● **What is being asked**
In the entries below, copy only the lines from the one that contains "Структурные средниеНаиболее частот" through the last line, exactly, and omit any pictures.

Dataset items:
■ ■ ■ ■ ■ ■ ■

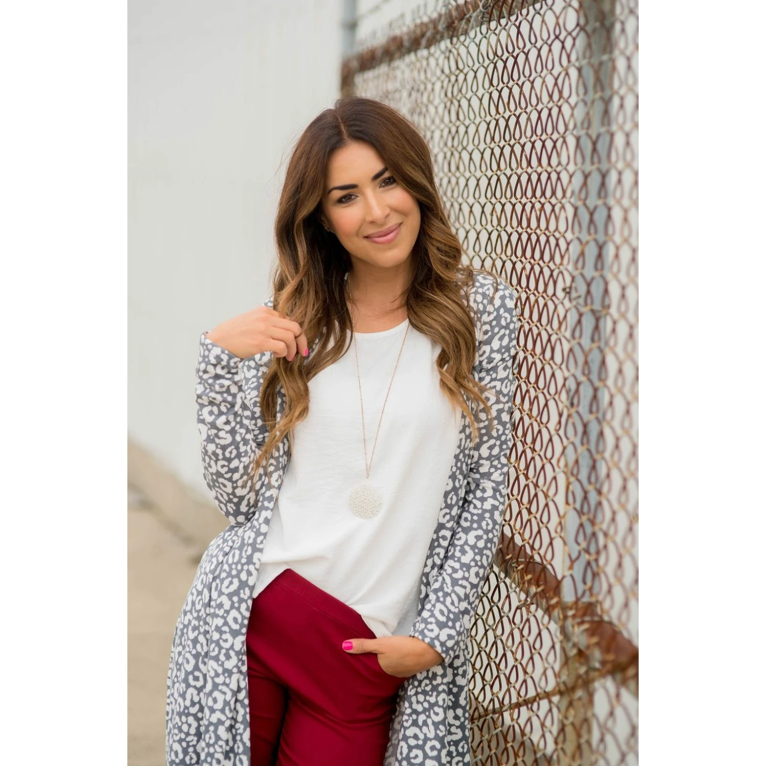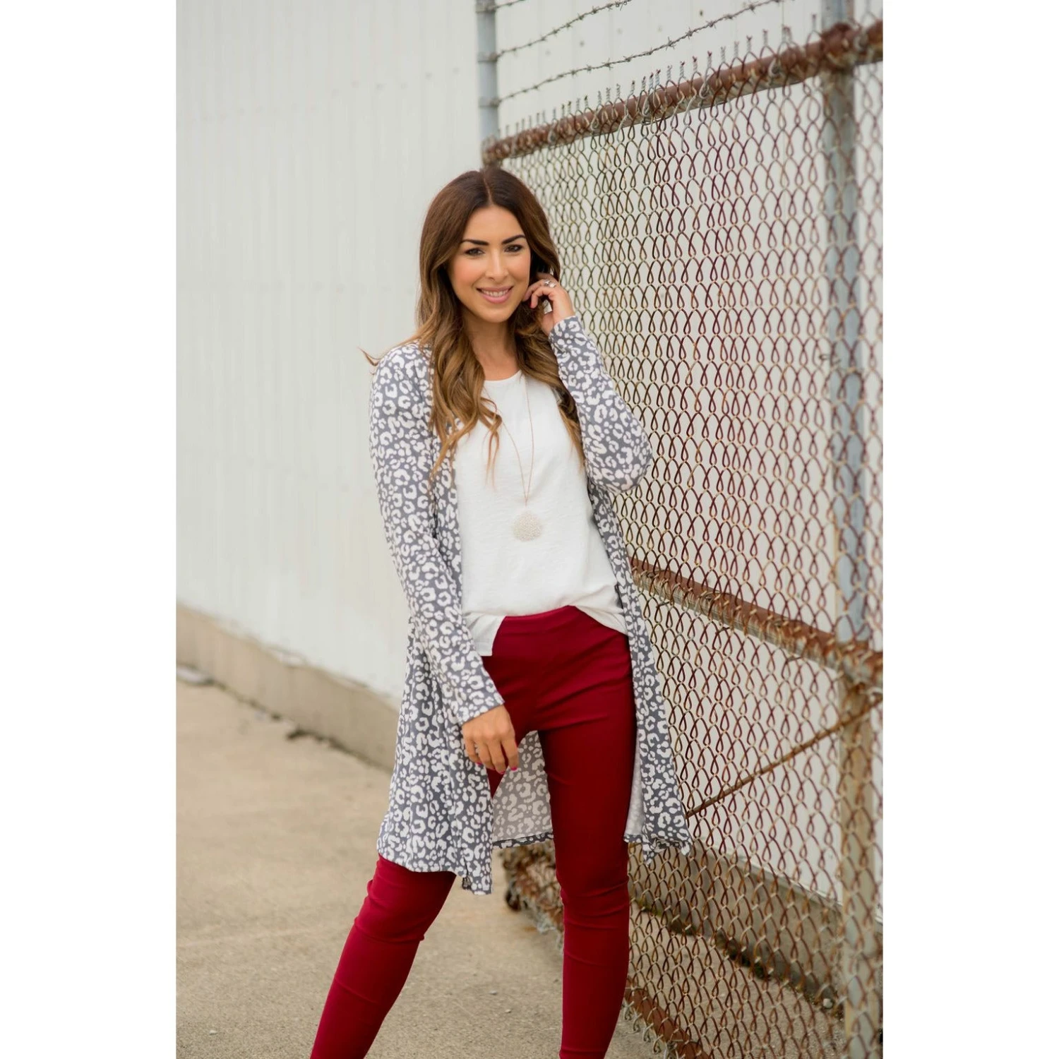This lightweight leopard cardigan is one you will! In grey and mocha, you will want both colors to be sure you always have something that matches with them! Wear it over a dress or jeggings and a blouse!
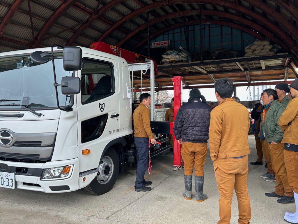 ↑先日納車した新しいユニックの説明を社長が行っている写真です。前のユニックより幅も高さもあるので、危険がないように皆さん真剣に聞いています。
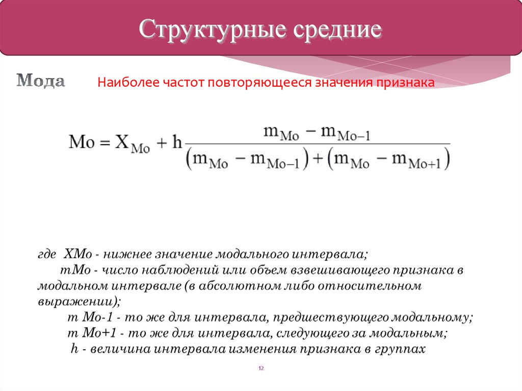 Структурные средниеНаиболее частот повторяющееся значения признака
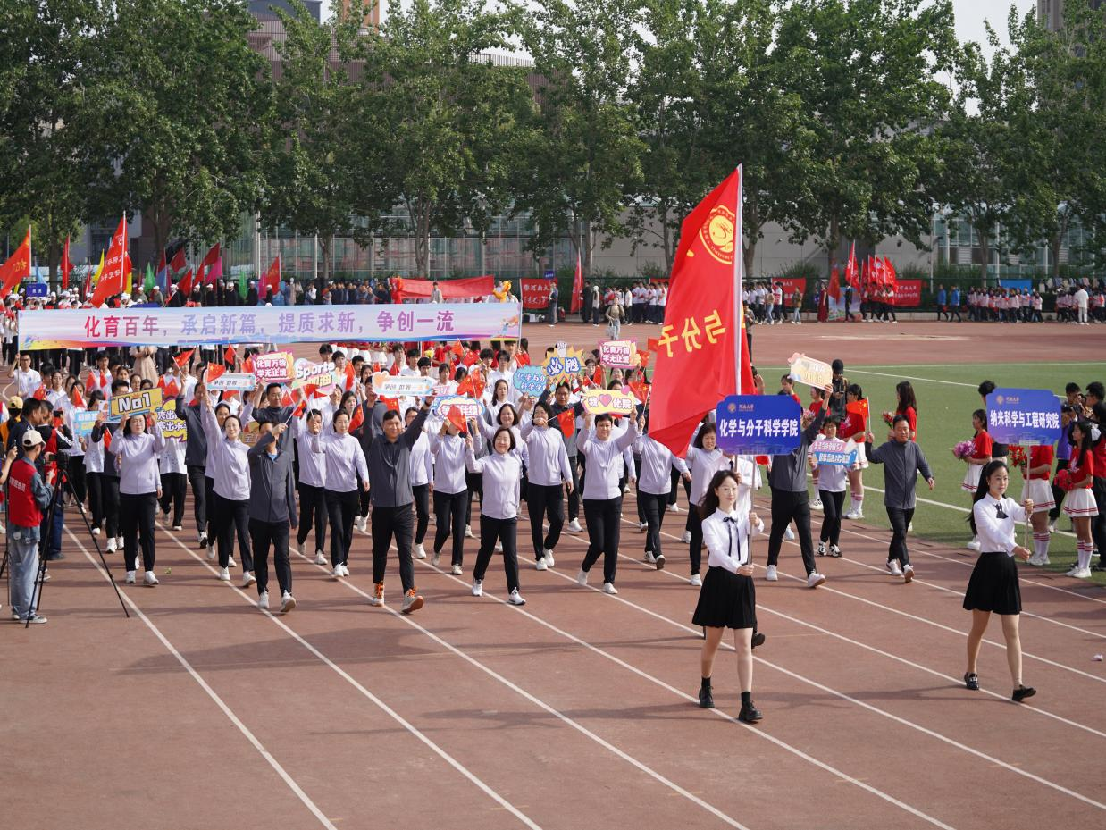 方阵以党委书记常凤香为领队,教职工们身着统一的服装,手中挥舞着红色国旗,举着“化育万物,学无止境”“争创世界一流”“Sports 加油”“秀出风格,赛出水平”等各类标语,精神抖擞。同学们身穿印有化学结构式的白色短袖,组成的方阵秩序井然,他们迈着整齐划一的步伐,举着醒目的旗帜——“化育百年,承启新篇,提质求新,争创一流”,体现了色中色
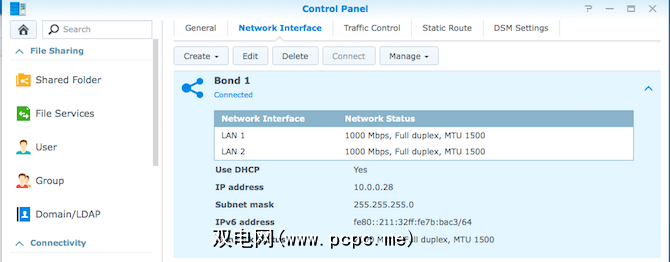 DS418play的一个有趣的新功能是链接绑定或链接聚合。由于该设备提供了两个完整的千兆以太网端口,因此可以一次插入两个端口,并用于创建单个更高速度的接口。
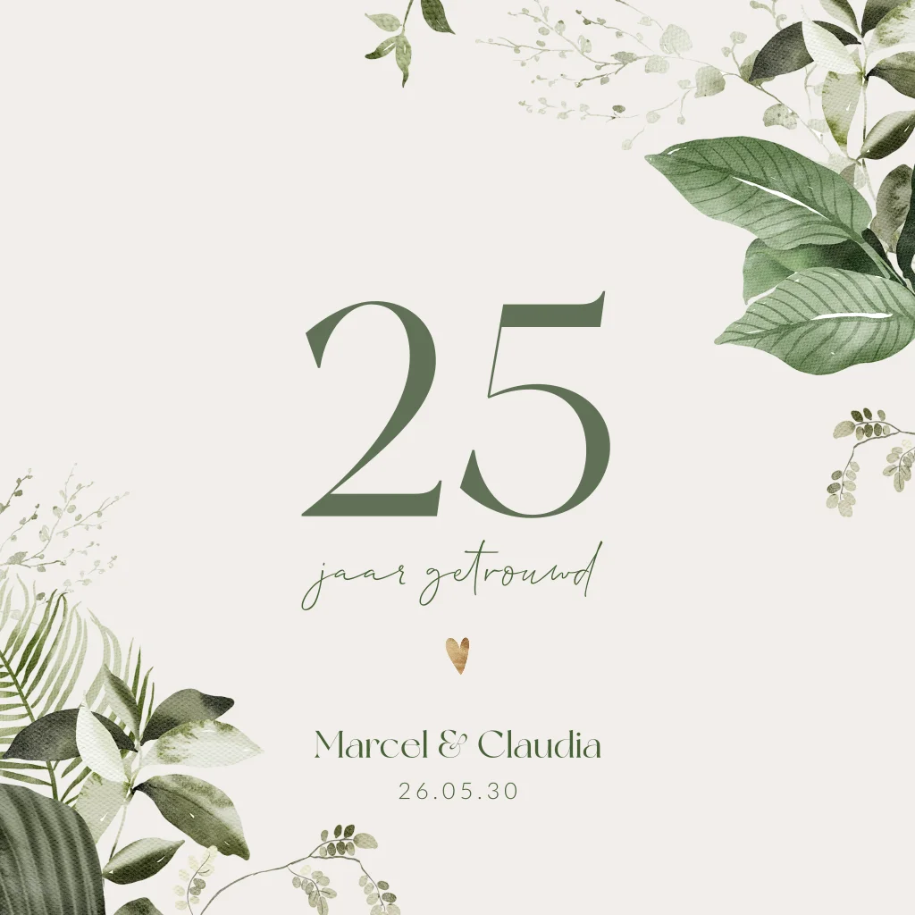 Jubileumkaart met botanische bladeren om te vieren dat jullie 25 jaar getrouwd zijn en een feestje geven. Deze jubileumkaart heeft een beige achtergrond met groene botanische bladeren. Het gouden hartje geeft een romantische touch. Pas de kaart geheel naar eigen wens aan in de editor. Vragen? Laat het ons weten!
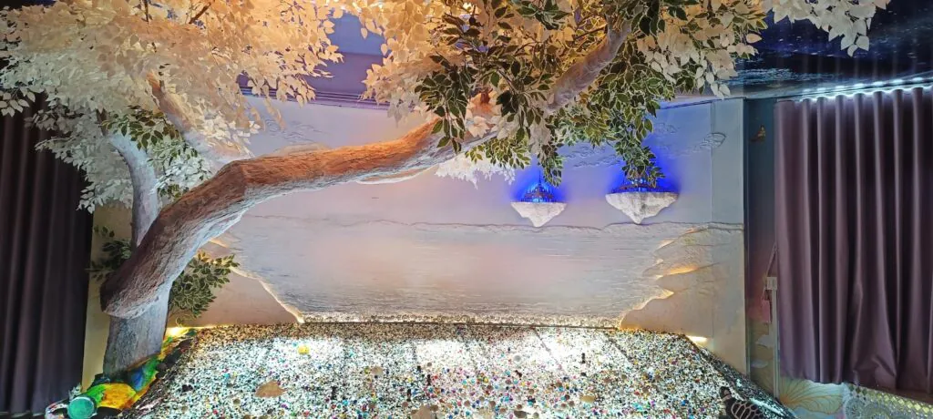 דוכני ממכר תכשיטים ובשמים בצבעי פסטל. מוזר. הכל מאוד מבריק ונוצץ.
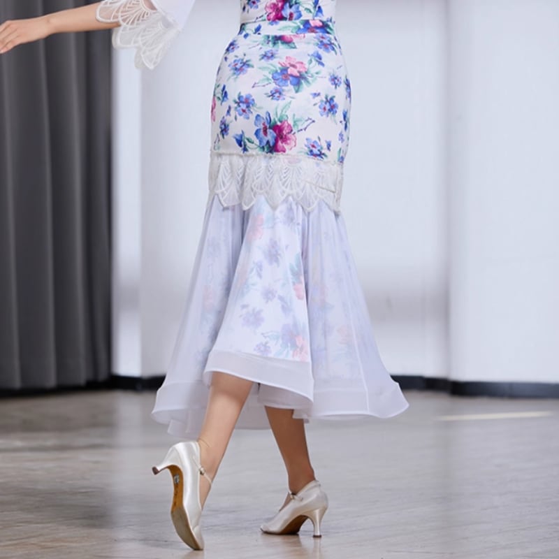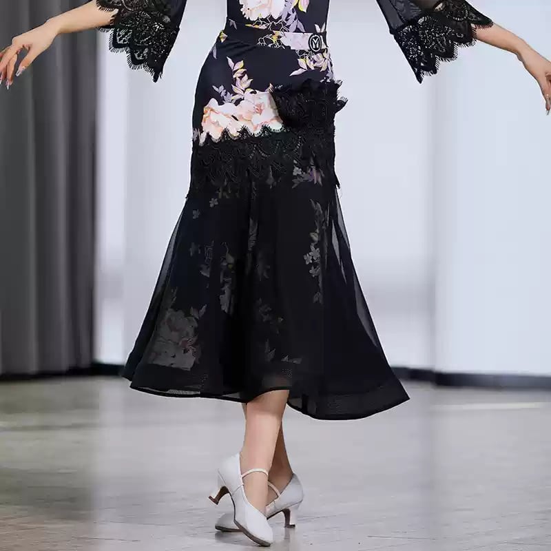 裾周りに描かれた繊細なフローラルプリントと、シックなレースの切り替えがエレガントなロングスカート。

■ ■ ■ ■ ■ ■ ■

● **Response for this exercise**
 Структурные средниеНаиболее частот повторяющееся значения признака
 方阵以党委书记常凤香为领队,教职工们身着统一的服装,手中挥舞着红色国旗,举着“化育万物,学无止境”“争创世界一流”“Sports 加油”“秀出风格,赛出水平”等各类标语,精神抖擞。同学们身穿印有化学结构式的白色短袖,组成的方阵秩序井然,他们迈着整齐划一的步伐,举着醒目的旗帜——“化育百年,承启新篇,提质求新,争创一流”,体现了色中色
 DS418play的一个有趣的新功能是链接绑定或链接聚合。由于该设备提供了两个完整的千兆以太网端口,因此可以一次插入两个端口,并用于创建单个更高速度的接口。
 Jubileumkaart met botanische bladeren om te vieren dat jullie 25 jaar getrouwd zijn en een feestje geven. Deze jubileumkaart heeft een beige achtergrond met groene botanische bladeren. Het gouden hartje geeft een romantische touch. Pas de kaart geheel naar eigen wens aan in de editor. Vragen? Laat het ons weten!
 דוכני ממכר תכשיטים ובשמים בצבעי פסטל. מוזר. הכל מאוד מבריק ונוצץ.
 裾周りに描かれた繊細なフローラルプリントと、シックなレースの切り替えがエレガントなロングスカート。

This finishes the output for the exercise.